Deze zomer kwam openbaar dat O. als lid van de Bijzondere Bijstands Eenheid (BBE) van het Korps Mariniers in het verleden betrokken is geweest bij staatsgeheime operaties. De marinier zou in de visie van de marechaussee „laagdrempelig” zijn geweest bij de inzet van geweld. Schietgraag, met andere woorden.
Het proces is beladen, ook politiek gezien. In het geval van vrijspraak lijkt de positie van de hoogste baas van het OM, procureur-generaal J. de Wijkerslooth, door diens voorbarige conclusies onhoudbaar. Volgens De Wijkerslooth had O. geen enkel schot mogen lossen omdat dit in strijd zou zijn met de geweldsinstructies. Ook de verantwoordelijke minister Donner van Justitie heeft dan heel wat uit te leggen.
Mocht O. veroordeeld worden, dan komt een andere topambtenaar onder vuur. Vice-admiraal Ruurt Klaver, de bevelhebber der zeestrijdkrachten, staat achter zijn marinier. In Alle Hens, het officiële maandblad van de Koninklijke Marine, ging hij tot twee keer toe in op de situatie.
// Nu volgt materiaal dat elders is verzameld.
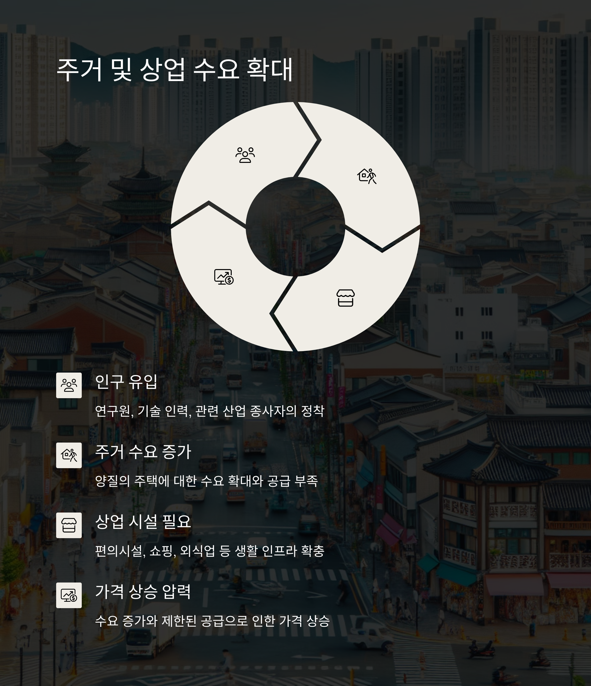고급 기술 인력과 관련 종사자들의 유입이 예상되어 주거 수요가 급증할 것으로 보입니다. 산업단지 인근 지역은 장기적인 가치 상승이 유력합니다.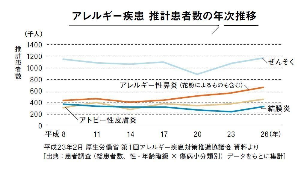 現代の住まいは気密性が向上し、冷暖房の普及により一年中一定の温度に。さらに、小まめに換気しないと湿度も上昇。高温多湿はダニが繁殖しやすい環境のため、屋内のダニの量が年々増加しています。ダニの死骸やフンはアレルギーの原因の1つ。だから、ダニの増加は近年のアレルギー人口の増加に関係しているのです。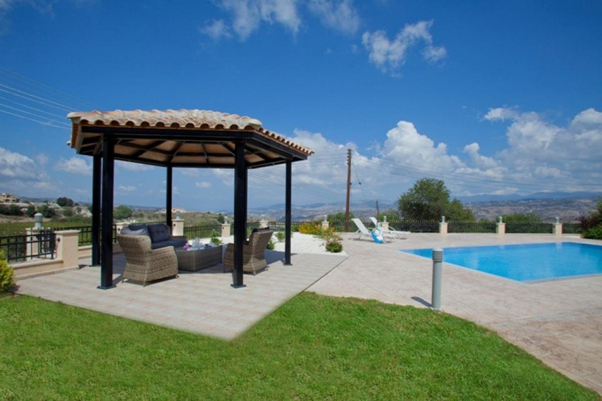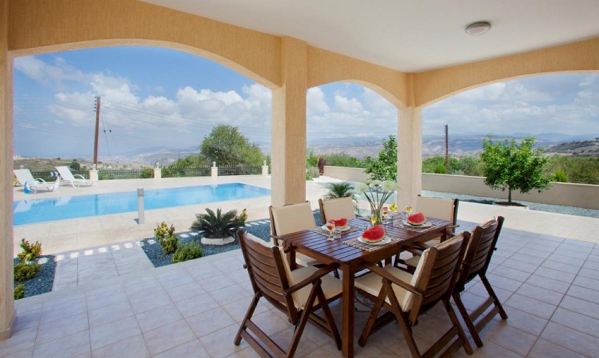 This Luxury villa is situated on the outskirts of Stroumbi Village, and offers the utmost in country living. It sits on a plot of 1,350 m2 with Private Swimming Pool, Beautifully maintained Lawns, Tiled Patios and Landscaped Mature Gardens which provide total comfort, beauty, privacy and offering plenty of space for entertaining. Upon entering the property is the spacious living area which is an open plan to the fully equipped Kitchen. The Wood Burning Fireplace with stone cladding surrounds makes this area nice and cosy giving off plenty of heat in the cooler winter months. The french doors from the living area lead out to the covered veranda offering a beautiful seating area with endless Mountain Views. Also on the ground floor there is one double bedroom with fitted wardrobes and an ensuit shower room. On the first floor there are three double bedrooms, all with en-suite bathrooms and fitted wardrobes. Next door to one bedroom there is a fully equipped utility room. The main bedroom has an easy access to the large balcony offering simply stunning unobstructed mountains views.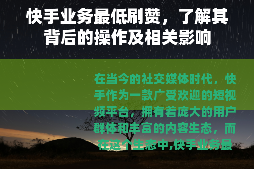 在当今的社交媒体时代,快手作为一款广受欢迎的短视频平台,拥有着庞大的用户群体和丰富的内容生态,而在这个生态中,快手业务最低刷赞也成为了一个备受关注的话题。
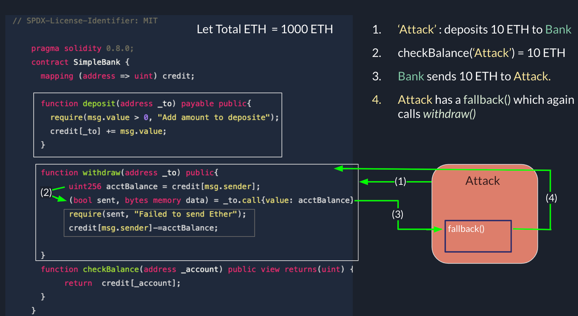 withdraw()transaction to contract bank. - Since the balance has not been yet set to 0, the user can again withdraw 10 ETH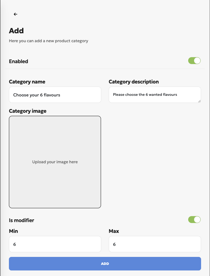 First we need to create the category that will contain our extras, in this example we will do the setup for a box of macarons where we have to give the options for the flavours. In the dashboard create a new category as follows: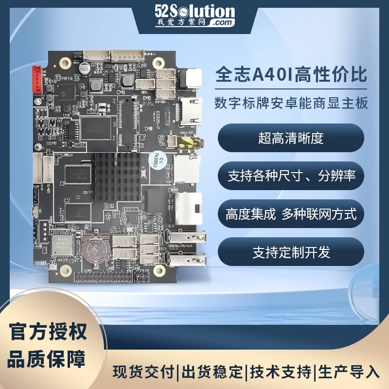 方案介绍:高性价比数字标牌主板YNH-430G是一个智能商显主板,可提供定制开发。采用全志A40i,Cortex-A7四核CPU,支持Android4.4/6.0系统,主频高达1.2GHz,性能突出,性价比高。GPU采用Mali-400MP2,一流的图片和视频处理能力,是您在智能商显领域最佳的选择。普遍适用于广告机、数字标牌以及自助终端等。支持红外、光学、电容、电阻等多种主流触摸屏,支持免驱触摸屏的HID配置,无需调试。支持行业主流USB/串口设备,提供demo测试程序。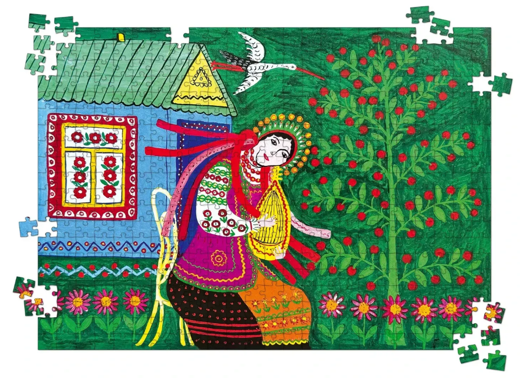 Деревʼяний пазл "Катерина співає пісню про Україну. Марія Примаченко" 500 елементів.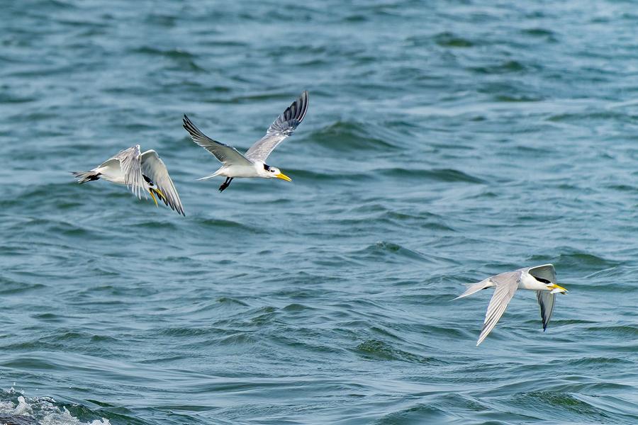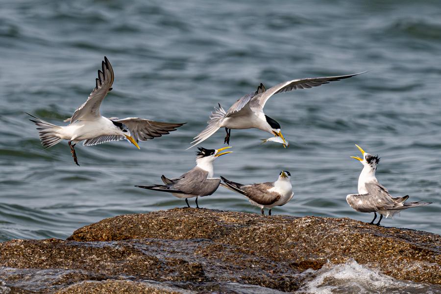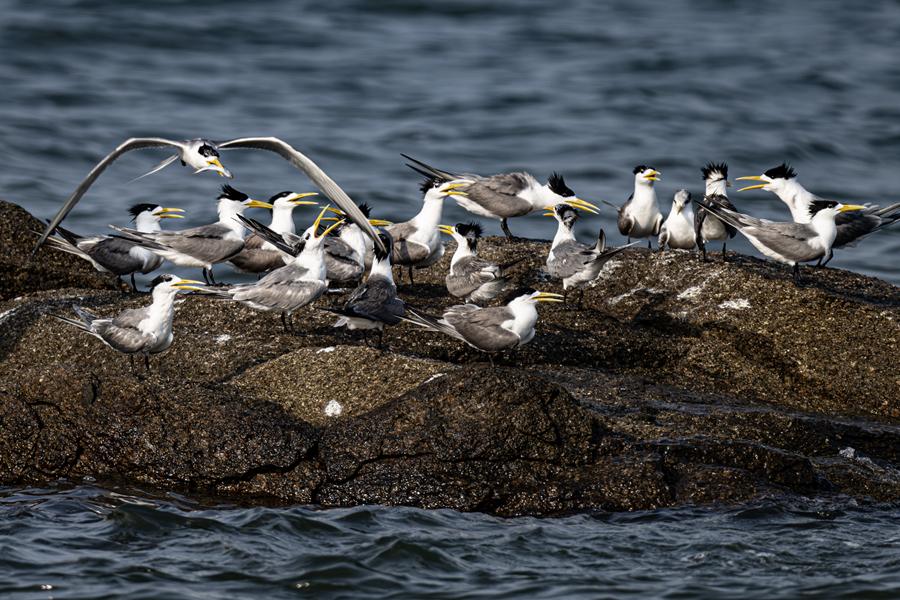 30余只大凤头燕鸥齐现厦门集美 成海上靓丽风景线

In het nummer van september zegt hij: „Ik blijf erbij dat ik er het volste vertrouwen in heb dat de majoor juist gehandeld heeft.” Het is hoogst ongebruikelijk dat een topmilitair commentaar geeft op een zaak die nog onder de rechter is.
Ook staatssecretaris Van der Knaap van Defensie uitte kritische woorden richting het OM. Bij de terugkeer van de mariniers uit Irak in maart van dit jaar sprak hij op hun thuisbasis in Doorn over „de spreekwoordelijke stuurlui” aan wal. „Opvallend is dat velen die zich in de discussie mengden nog nooit hadden gehoord van een geweldsinstructie, laat staan dat ze wisten wat daar in staat.”
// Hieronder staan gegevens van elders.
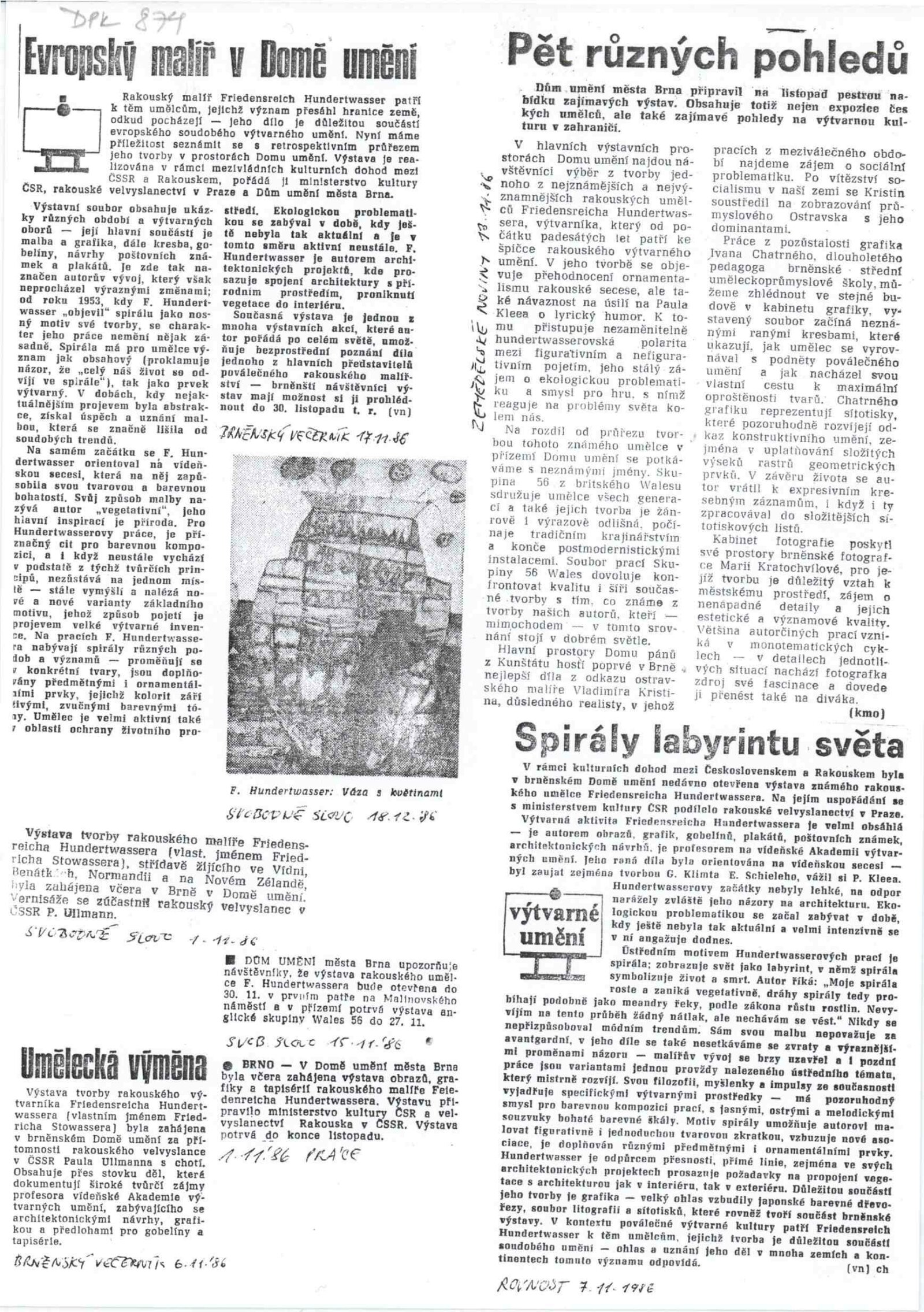 pozvánka, katalog, strojopis, žádost o povolení výstavy, recenze v tisku

Voor het proces in Arnhem zijn drie dagen uitgetrokken. Eric O. wordt bijgestaan door mr. G. J. Knoops. Hij is bekend als advocaat in geruchtmakende zaken. Zo wist hij na een uitputtende herziening de twee van Putten vrij te pleiten van de moord op een stewardess.
Knoops kent de militaire wereld: hij is reserveofficier bij het Korps Mariniers. Bij de wisseling van het commando van het korps zat hij begin deze maand in Rotterdam als eregast op de tribune. Ook is Knoops betrokken bij het schrijven van geweldsinstructies voor internationale troepen. Dat is precies de kwestie waar het in de zaak O. om draait.
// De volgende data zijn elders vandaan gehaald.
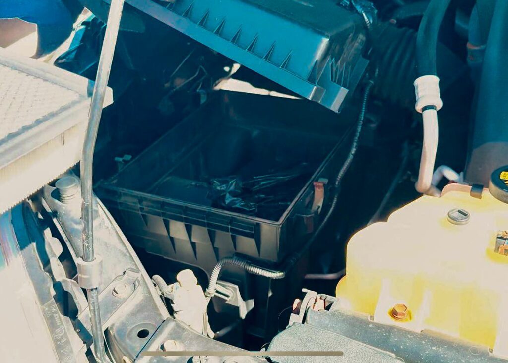 Durante la entrevista, el conductor declaró transportar USD 7.800 y su acompañante USD 6.800, por lo que se dispuso la inspección del vehículo. Al revisar el compartimiento del filtro de aire, se detectaron signos de manipulación y un paquete negro oculto. Se dio intervención inmediata a la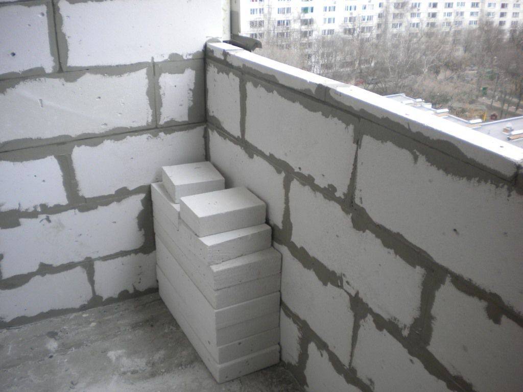 Если парапет металлический, а его уровень не совпадает с верхним перекрытием, то вначале проводится кладка этого элемента и боковых стенок. Желательно использовать для этого пеноблоки, хотя вполне подойдет и керамический кирпич. Наружная поверхность отделывается сайдингом, что тоже немного утеплит лоджию.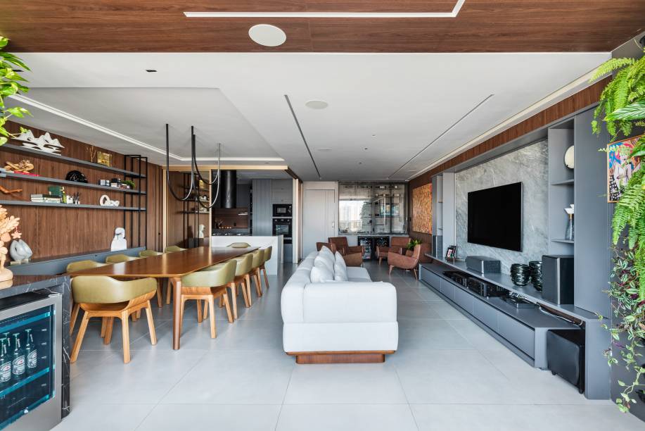 Desenvolvido desde a planta, o projeto levou três meses para a concepção e dois anos para a execução. Apaixonado por culinária, o proprietário desejava um ambiente onde pudesse cozinhar enquanto interagia com os convidados. Para isso, a cozinha foi integrada à sala de estar, com o cooktop estrategicamente posicionado de frente para o living. Grandes portas de correr garantem a flexibilidade de isolar o ambiente sempre que necessário.

De verdachte marinier ontving voor zijn inzet in Zuid-Irak de Herinneringsmedaille Vredesoperaties. Zijn toenmalig commandant, luitenant-kolonel Oppelaar, prees O. als „voorbeeldig beroepsmilitair” en „uitmuntend vakman.” Mocht O. door de militaire kamer van de Arnhemse rechtbank worden veroordeeld, dan moet hij de medaille weer inleveren.